Qualcomm has been fussing around ML for a while with the Zeroth SDK and Snapdragon Neural Processing Engine. The NPE certainly works reasonably well on the Hexagon DSP that Qualcomm use. The Hexagon DSP is far from a very wide parallel platform and it has been confirmed by Yann LeCun that Qualcomm and Facebook are working together on a better way in Wired's "The Race To Build An AI Chip For Everything Just Got Real",
"And more recently, Qualcomm has started building chips specifically for executing neural networks, according to LeCun, who is familiar with Qualcomm's plans because Facebook is helping the chip maker develop technologies related to machine learning. Qualcomm vice president of technology Jeff Gehlhaar confirms the project. "We're very far along in our prototyping and development," he says."
Perhaps we'll see something soon beyond the Kryo CPU, Adreno GPU, Hexagon DSP, and Hexagon Vector Extensions. It is going to be hard to be a start-up in this space if you're competing against Qualcomm's machine learning.

Pezy-SC and Pezy-SC2

These are the 1024 core and 2048 core processors that Pezy develop. The Pezy-SC 1024 core chip powered the top 3 systems on the Green500 list of supercomputers back in 2015. The Pezy-SC2 is the follow up chip that is meant to be delivered by now, and I do see a talk in June about it, but details are scarce yet intriguing,
"PEZY-SC2 HPC Brick: 32 of PEZY-SC2 module card with 64GB DDR4 DIMM (2.1 PetaFLOPS (DP) in single tank with 6.4Tb/s"
It will be interesting to see what  2,048 MIMD MIPS Warrior 64-bit cores can do. In the June 2017 Green500 list, a Nvidia P100 system took the number one spot and there is a Pezy-SC2 system at number 7. So the chip seems alive but details are thin on the ground. Motoaki Saito is certainly worth watching.

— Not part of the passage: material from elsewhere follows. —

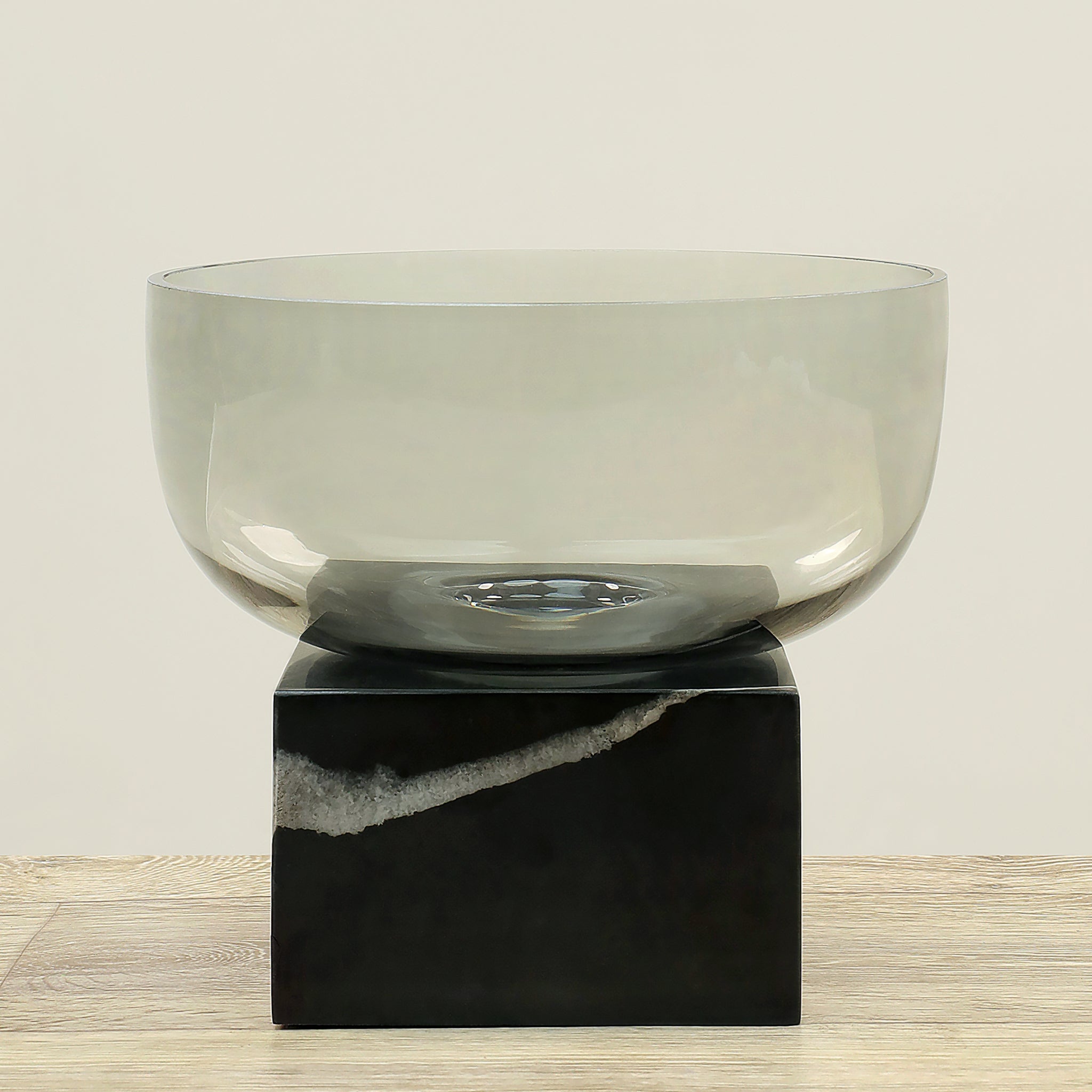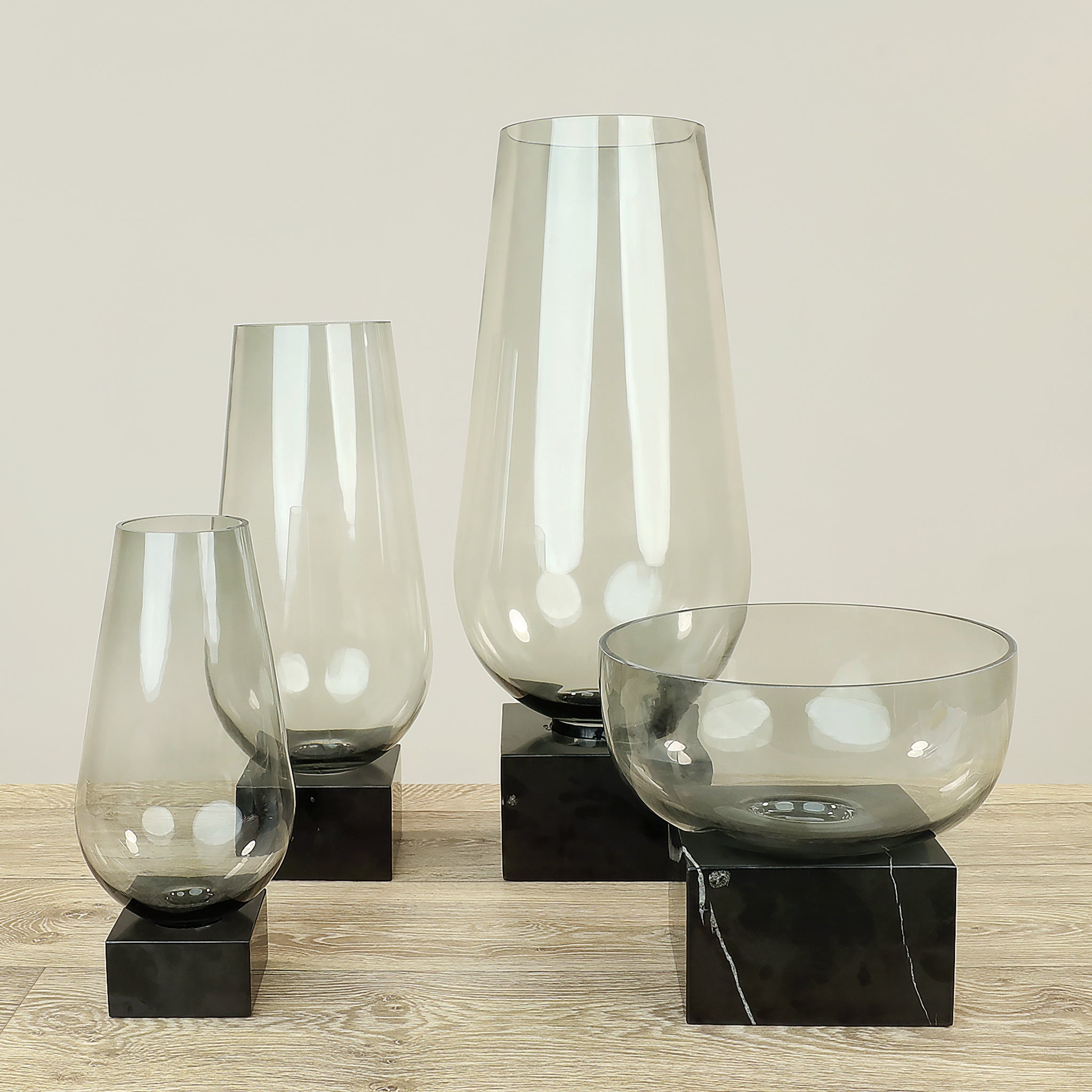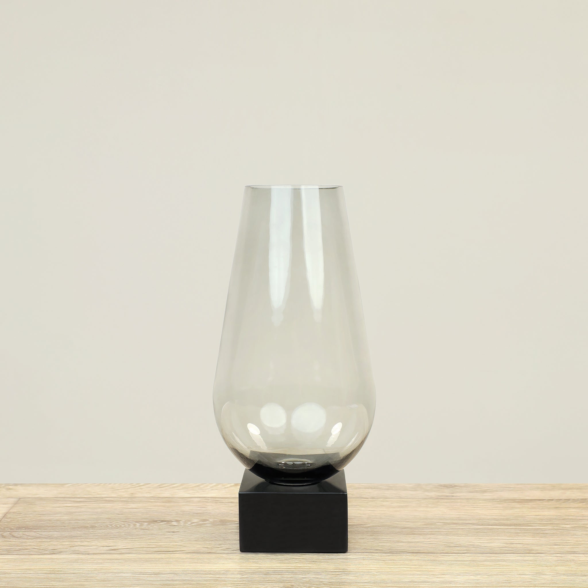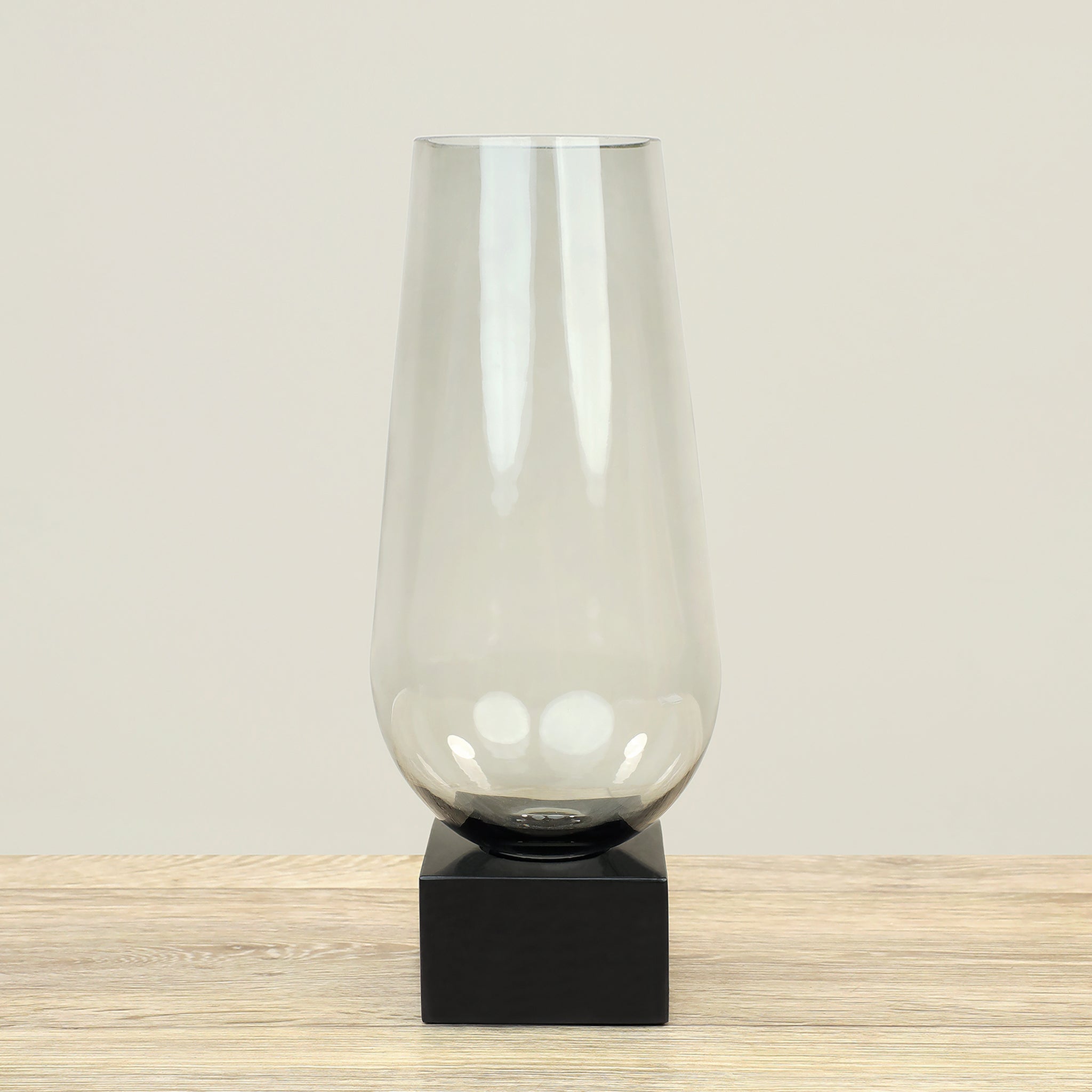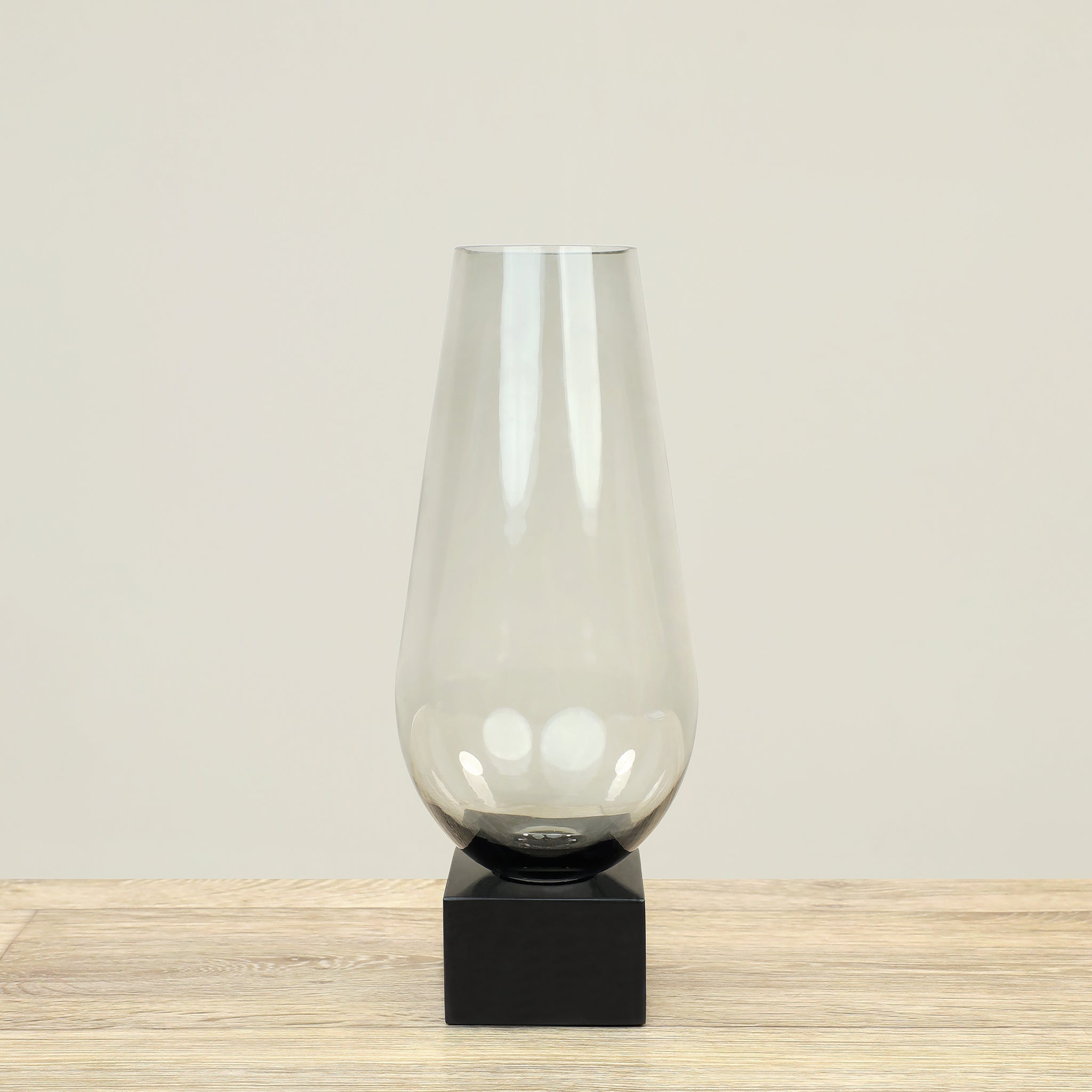 مزهرية أنيقة باللون الأسود تجمع بين قاعدة من الرخام وجسم زجاجي شفاف، تصميم عصري يضفي لمسة فاخرة على أي مساحة داخلية سواء كانت غرفة المعيشة، غرفة النوم أو المكتب.

Despite many promises, Kalray has not progressed their chip offering beyond the 256 core beast I covered back in 2015, "Kalray - new product meander." Kalray is advertising their product as suitable for embedded self-driving car applications though I can't see the product architecture being an ideal CNN platform in its current form. Kalray has a Kalray Neural Network (KaNN) software package and claims better efficiency than GPUs with up to 1 TFlop/s on chip.

Kalrays NN fortunes may improve with an imminent product refresh and just this month Kalray completed a new funding that raised $26M. The new Coolidge processor is due in mid-2018 with 80 or 160 cores along with 80 or 160 co-processors optimised for vision and deep learning.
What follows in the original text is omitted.